We consider Property Damage and Crop Damage combined to determine the greatest economic impact.
storm.econ<-storm.df2%>%group_by(EVTYPE)%>%
summarise(Avg.Dmg=mean(Total.Damage,na.rm=TRUE),count=n())%>%
arrange(desc(Avg.Dmg))
head(storm.econ,10)
## Source: local data frame [10 x 3]
##
## EVTYPE Avg.Dmg count
## 1 HEAVY RAIN/SEVERE WEATHER 2500000000 1
## 2 TORNADOES, TSTM WIND, HAIL 1602500000 1
## 3 HURRICANE OPAL 398980750 8
## 4 SEVERE THUNDERSTORM 200893333 6
## 5 WILD FIRES 156025000 4
## 6 HURRICANE 153923443 70
## 7 HURRICANE OPAL/HIGH WINDS 110000000 1
## 8 RIVER FLOOD 98521160 103
## 9 HAILSTORM 80333333 3
## 10 TYPHOON 66783889 9
Now we’ll consider only events which had over 100 occurances since our last list seemed to be filled with extreme 1 off cases. However, large storms had the most extreme impacts.
storm.econ2<-storm.df2%>%group_by(EVTYPE)%>%
summarise(Avg.Dmg=mean(Total.Damage,na.rm=TRUE),count=n())%>%
filter(count>100)%>%arrange(desc(Avg.Dmg))
head(storm.econ2,10)
## Source: local data frame [10 x 3]
##
## EVTYPE Avg.Dmg count
## 1 RIVER FLOOD 98521160.2 103
## 2 ICE STORM 27353411.5 220
## 3 WINTER STORM 16091667.9 330
## 4 WILD/FOREST FIRE 6743077.3 110
## 5 FLOOD 5090194.5 2153
## 6 HEAVY SNOW 1252927.7 588
## 7 HEAVY RAIN 1115425.6 197
## 8 FLASH FLOODING 1088594.7 292
## 9 HIGH WINDS 1041499.6 603
## 10 FLOOD/FLASH FLOOD 975254.6 275
Plot Total Damage
with(head(storm.econ2,5),barplot(Avg.Dmg,names.arg=EVTYPE,xlab="Storm Type",
main="Average Total Damage by Storm Type (Top 5)",col="green"))
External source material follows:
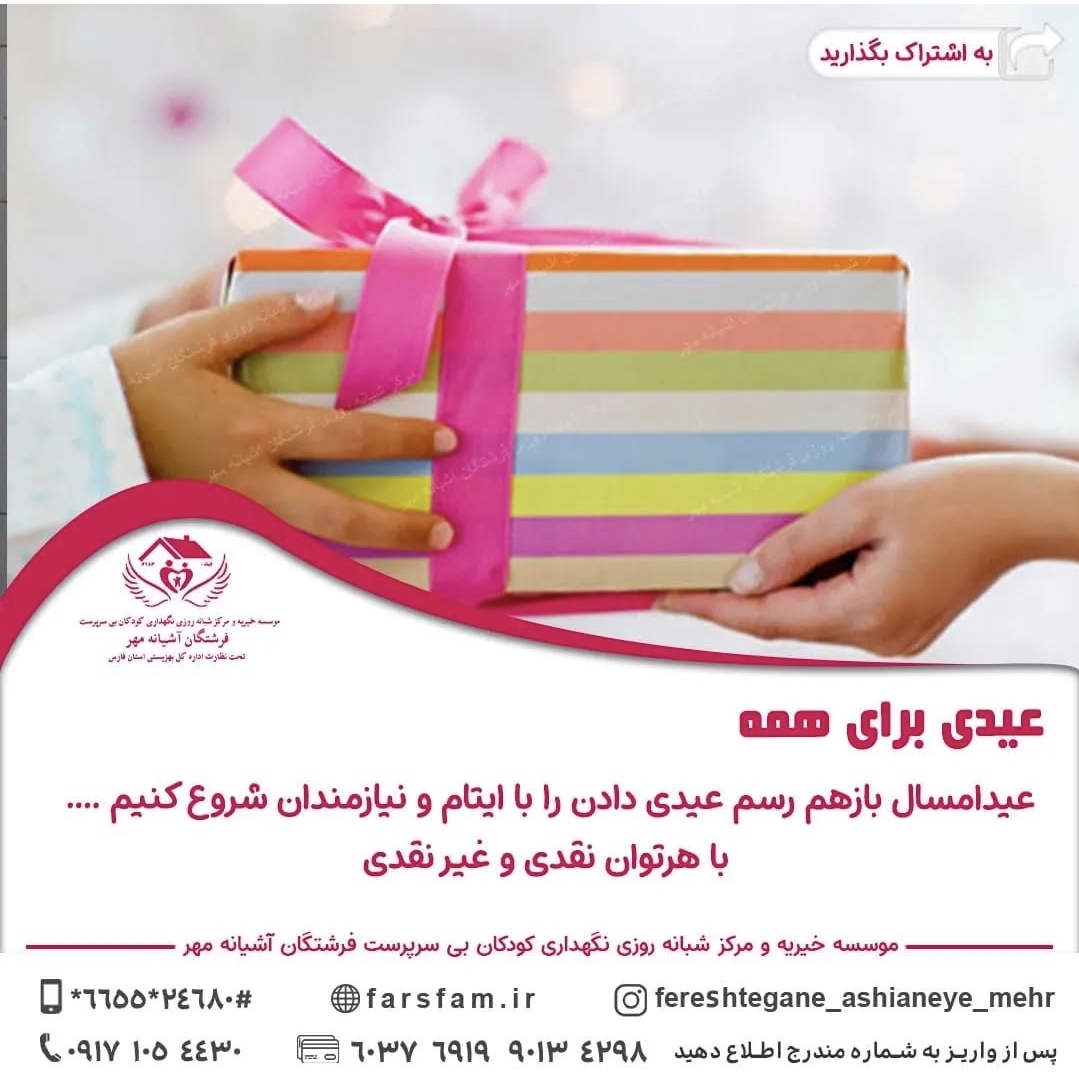 🍃 هر دستی که برای یاری باز می‌شود، نوری در دل یک انسان روشن می‌کند. گاهی اوقات بخش کوچکی از ما، می‌توان از امید برای خانواده‌های نیازمند باشد؛ خانواده‌ای که شاید در پسِ لبخندهای خاموش، دل‌شان از درد و چشم‌شان منتظر معجزه‌ای کوچک باشد

Now we see that various kinds of flooding and heavy storms are generally the most expensive in terms of economic impact. River Floods are by far the largest here with over $80M in average damage.
Results
Overall we see that Heat is the most damaging in terms of Human health but Flooding, espcially River Flooding, and Heavy Storms cost the most.